Menurut Pangeran Haidar, apa yang dilakukan Paman Husni adalah pekerjaan yang merepotkan, karena untuk mendapatkan buah-buahan, tinggal membeli saja di Pasar, dan persoalan beres.
“Jambu, pepaya, lengkeng, mangga atau buah-buahan yang lainnya, bisa kita dapatkan dengan mudah di pasar. Harganyapun tidak mahal. Mengapa kita mesti menanam sendiri?,” tanya Pangeran Haidar.
“Apa yang Pangeran katakan tidak salah.” kata Paman Husni.
“Lalu, mengapa paman menanam pohon buah-buahan?, buang-buang waktu saja,” kata Pangeran Haidar.
“Sepertinya memang begitu,” sahut Paman Husni.
“Tetapi kita mesti tahu, bahwa apapun yang kita kerjakan, apabila dilandasi dengan niat ibadah tentu tidak akan sia-sia, karena buah pekerjaan yang kita lakukan merupakan sedekah, yang jika dihitung imbalannya, boleh dikata tak terbatas.” jelas Paman Husni.
Mendengar penjelasan Paman Husni, membuat Pangeran Haidar menyadari, ternyata apa yang dikerjakan Paman Husni, menyibukkan diri menanam pohon bernilai ibadah yang tak terbatas.

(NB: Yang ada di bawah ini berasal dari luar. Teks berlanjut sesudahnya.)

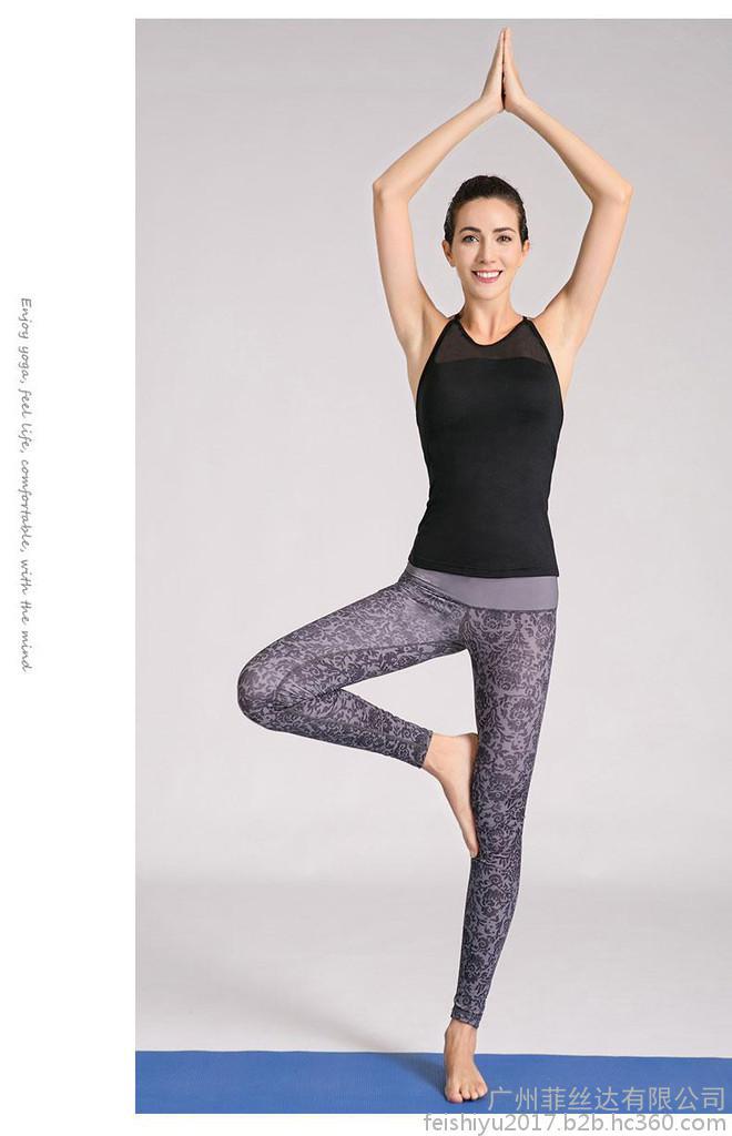 F3011 瑜伽背心瑜伽服套裝 妃詩語春夏季女顯瘦修身健身房運動跑步印花瑜珈服

Dengan menanam pohon, genarasi di masa mendatang dapat menikmati hasilnya, dan bisa menjadi bekal dihari esok bagi orang yang mau menanam pohon.
Beberapa hari kemudian, Pangeran Haidar sering menemui petani untuk belajar lebih mendalam cara menanam buah-buahan, dan mencoba mempraktekan.

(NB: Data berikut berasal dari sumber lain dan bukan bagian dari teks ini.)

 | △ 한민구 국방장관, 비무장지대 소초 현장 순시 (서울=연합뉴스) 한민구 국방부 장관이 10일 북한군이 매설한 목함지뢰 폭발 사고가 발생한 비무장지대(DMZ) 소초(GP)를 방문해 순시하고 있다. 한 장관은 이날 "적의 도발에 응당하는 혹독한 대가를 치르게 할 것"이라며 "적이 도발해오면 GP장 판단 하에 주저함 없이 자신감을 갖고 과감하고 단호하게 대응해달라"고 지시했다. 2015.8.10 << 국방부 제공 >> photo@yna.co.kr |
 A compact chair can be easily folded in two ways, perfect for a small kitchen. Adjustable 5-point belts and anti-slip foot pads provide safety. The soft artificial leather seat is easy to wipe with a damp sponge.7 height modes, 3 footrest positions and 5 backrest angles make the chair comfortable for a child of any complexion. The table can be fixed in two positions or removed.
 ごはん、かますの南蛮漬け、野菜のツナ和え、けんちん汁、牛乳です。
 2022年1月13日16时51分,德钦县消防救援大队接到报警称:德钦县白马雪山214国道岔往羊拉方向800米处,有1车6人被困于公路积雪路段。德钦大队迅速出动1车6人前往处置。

“Ternyata menanam pohon tidaklah terlalu sulit. Asal ada kemauan insyaAllah bisa berhasil,” kata Pangeran Haidar dihadapan para petani.
Para petani di seluruh penjuru negeripun menyambutnya dengan suka cita. Terutama petani yang masih muda, seumuran Pangeran Haidar.

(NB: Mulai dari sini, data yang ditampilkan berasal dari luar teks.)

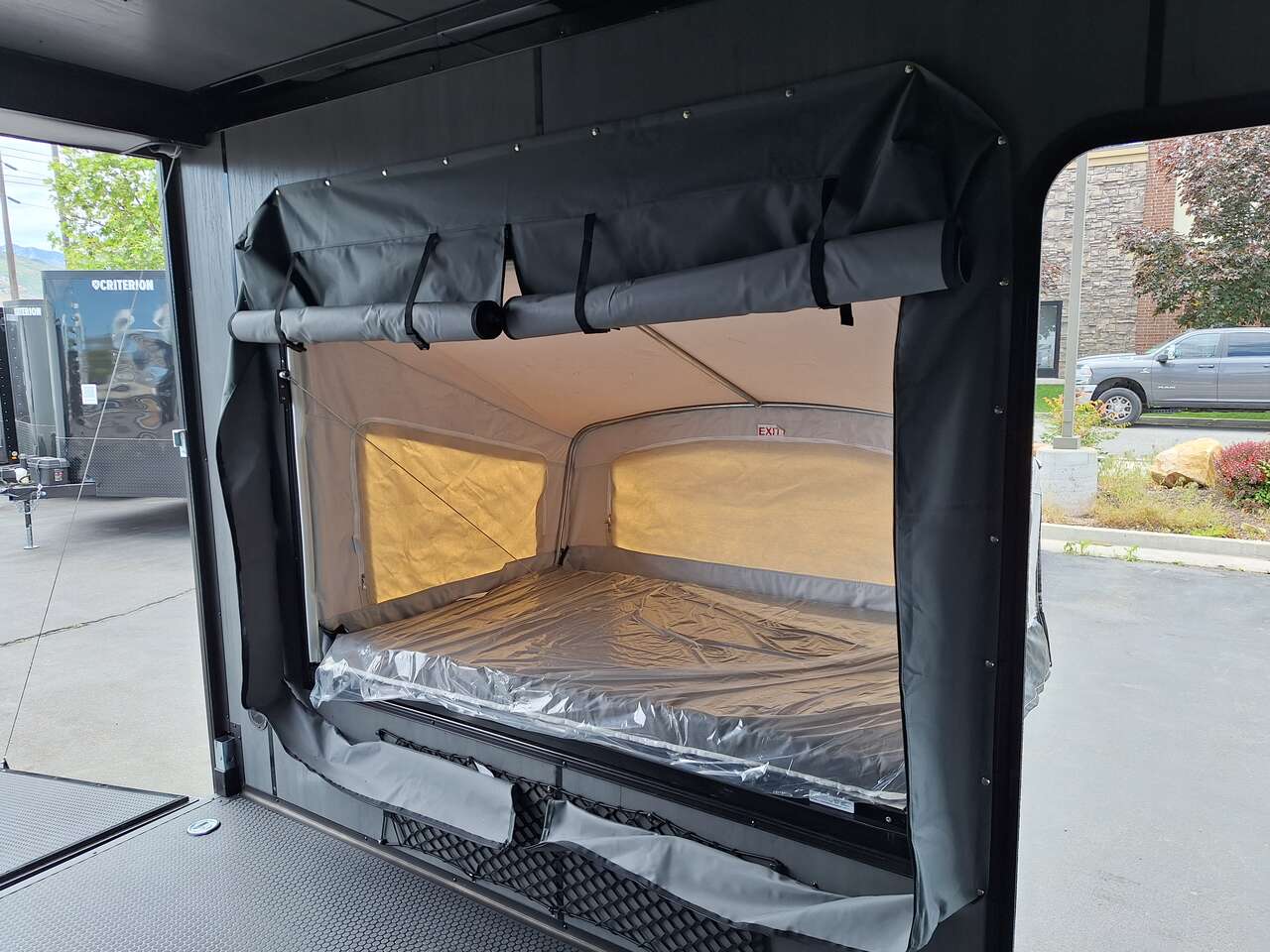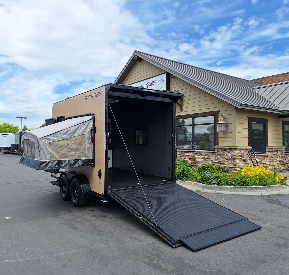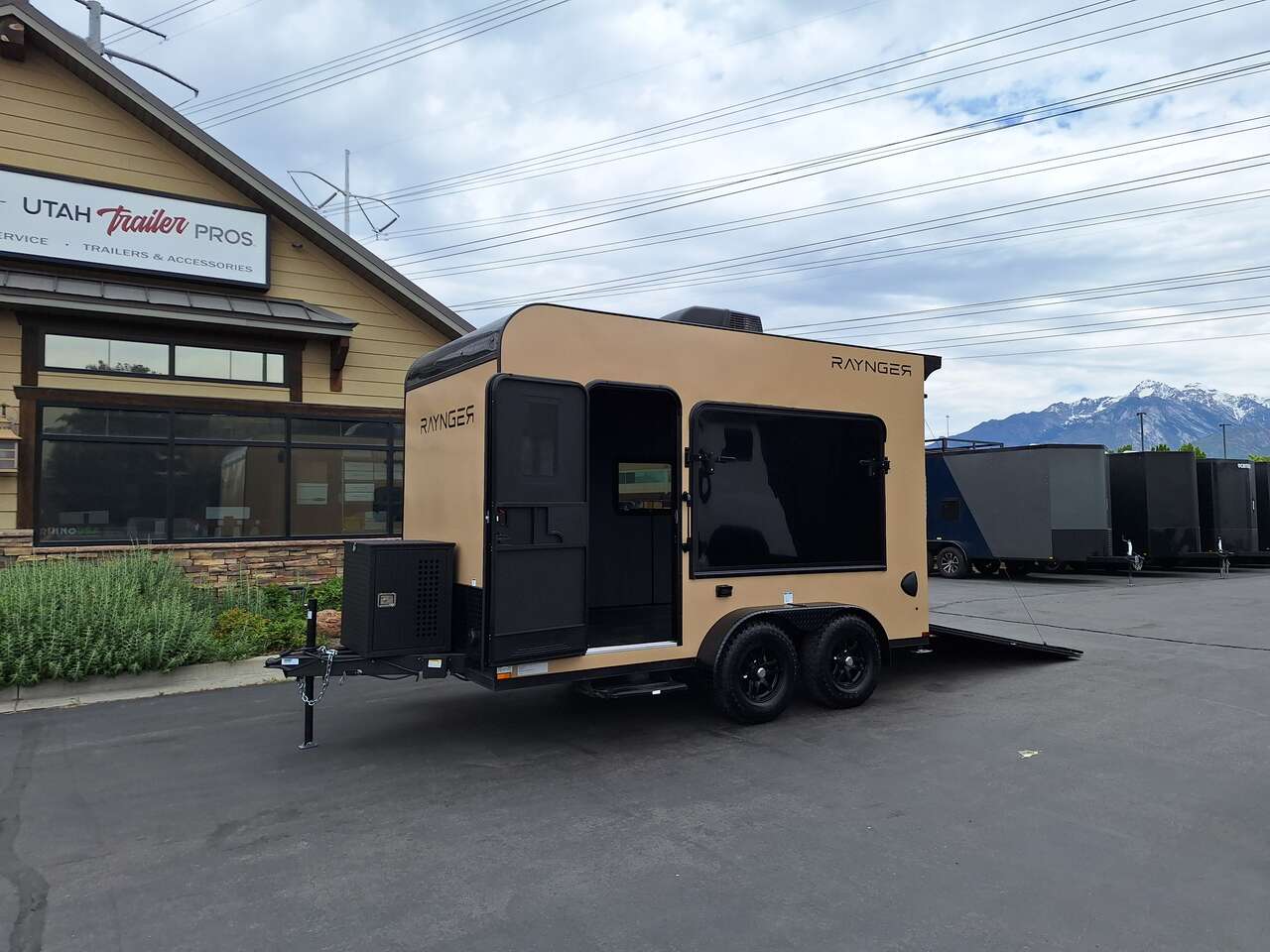 LIMITED TIME $154 A MONTH WITH ZERO DOWN WITH OUR SPECIAL LOCAL CREDIT UNION PARTNER!!! NO PRE-PAYMENT PENALTIES!!! NEW 2025 MODEL!!! RAYNGER PREMIUM OFF ROAD TOY HAULER CAMPER!!! 19 INCH GROUND CLEARANCE!!! OFF ROAD TIRES!!! FULLY INSULATED!!! HEATING AND A/C!!! WET SOUND STEREO!!! FOLD OUT/POP OUT TENT WITH MATTRESS!!! 84 Inch Rear Entry Height/87 INCH INTERIOR HEIGHT!!! 77 Inch Rear Entry Width!!! Aluminum Ventilated Locking Generator Box!!! UPGRADED TORSION AXLES!!! 11.1 Foot Long Garage Space!!! And Much MUCH MORE!!! Check out our Specs!!! Also available in 18 foot models. 18 Foot Models can have 3 Fold Out Beds/Pop Out Tents. 16 Foot and 18 Foot Models will fit ANY stock 4 Seater Side by Side • 6” I Beam Frame• Flat Top Design• Flat Front Design• Wall Posts 16” on Center• Cross Members 16” on Center• Roof Bows 16” on Center• Rust Inhibiting Z-Tech Protection on Chassis• Ameraguard on Tongue• Ameraguard on Rear Bumper• Ameraguard Around All Door Openings and Stepwell• Ameraguard Around Edges of Ramp Door• 3500 LB Spring Axles• 2-5/16” Coupler• One-Piece Aluminum Roof• ST235/75R15 Aluminum Wheels with Chrome Center Caps• 2000# Ramp Door with Eberhard Latch• 30” Tempered Glass RV Door with Screen Door• .030 Exterior Metal with Screwless Sides• 24” Black Stoneguard• 3” Black Bottom Trim• Sand Pad• Black Door Hold• 2.7mm Charcoal Textured Vinyl Ceiling • 9mm Charcoal Textured Vinyl Walls• 3/4” Engineered Wood Floor with Rubber Coin Overlay• (6) 1200 LB Floor D rings Installed with Backer Plates• LED Clearance Lights and Tail Lights• LED Back-up Lights• No Show Wheel Box• Spoiler with Toggle Switch• RV Step• 7’ Interior• (2) 17” Chrome Base Lights with Switch• (1) Black 17” Spot Light with Switch• (1) 30 Amp Panel with Marine Plug• A/C Unit with Heat Strip• (3) Interior Recepts• (1) Exterior Recept• 12V Battery and Charge Line• Prep for Backup Camera• Wet Sounds System• (3) Blue Interior Cabinet Lights• (1) 6’ Section of Flex Lights• Black ATP Rear Header and Hoop• Black ATP Fenders• Insulated Walls & Ceiling• Base Cabinets• Overhead Cabinets with Netting Over Compartments• Pop Out Tent• Black ATP Storage/Generator Box Mounted On Tongue

Masyarakat sangat antusias, sehingga hasil pertanian, buah-buahan melimpah ruah. Kebutuhan masyarakat tercukupi, sebagian buah-buahan dikirim ke pasar untuk diperdagangkan, dan kesejahteraan masyarakat semakin bertambah.
Pangeran Haidar pun, ternyata mengingat apa yang pernah disampaikan Paman Husni, yang berbunyi; Aku mendengar Rasulullah membisikkan pada telingaku ini, yaitu: “Barang siapa menanam sebatang pohon, kemudian tekun memelihara dan mengurusnya hingga berbuah, maka sesungguhnya baginya pada tiap-tiap sesuatu yang dimakan dari buahnya merupakan sedekah di sisi Allah”. (Hadist riwayat Ahmad).